↓↓↓
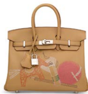
3870 A LIMITED EDITION BISCUIT SWIFT LEATHER IN & OUT BIRKIN 25 WITH PALLADIUM HARDWARE

GRADE 1 HK$420,000-520,000 US$54,000-67,000
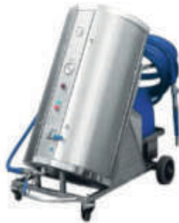
Mobile Pump and Satellite Unit
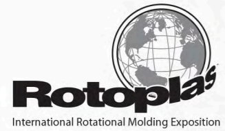
EXHIBIT HOURS WED. SEPT. 27 1:30-6:30 PM THUR. SEPT. 28 12:00-5:00 PM
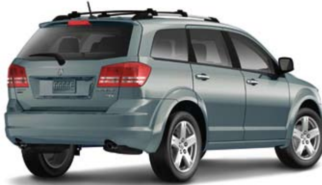
Bright Silver Metallic
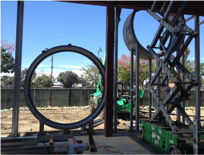
Date: 10/08/15 One of the "bubble" components looking West in the Children's collection area.
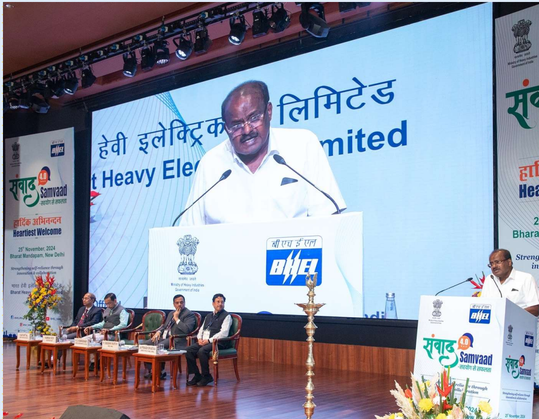
Hon'ble Union Minister of Heavy Industries and Steel, Shri H. D. Kumaraswamy inaugurating BHEL SAMVAAD 4.0
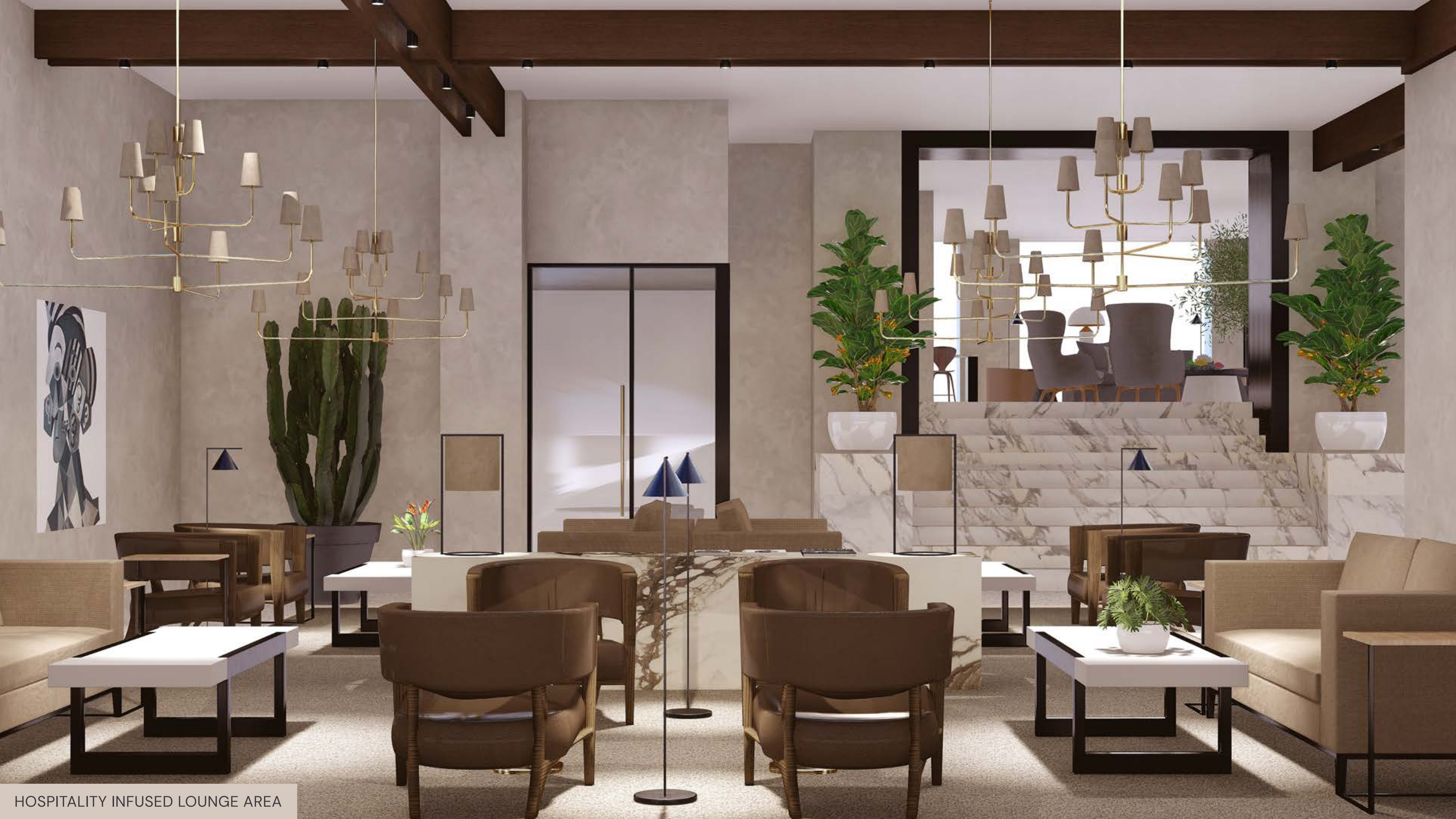
HOSPITALITY INFUSED LOUNGE AREA
↑↑↑
## Work instructions
Images stay out; everything else in the records must be given again exactly.

## Response to this exercise
3870 A LIMITED EDITION BISCUIT SWIFT LEATHER IN & OUT BIRKIN 25 WITH PALLADIUM HARDWARE

GRADE 1 HK$420,000-520,000 US$54,000-67,000
Mobile Pump and Satellite Unit
EXHIBIT HOURS WED. SEPT. 27 1:30-6:30 PM THUR. SEPT. 28 12:00-5:00 PM
Bright Silver Metallic
Date: 10/08/15 One of the "bubble" components looking West in the Children's collection area.
Hon'ble Union Minister of Heavy Industries and Steel, Shri H. D. Kumaraswamy inaugurating BHEL SAMVAAD 4.0
HOSPITALITY INFUSED LOUNGE AREA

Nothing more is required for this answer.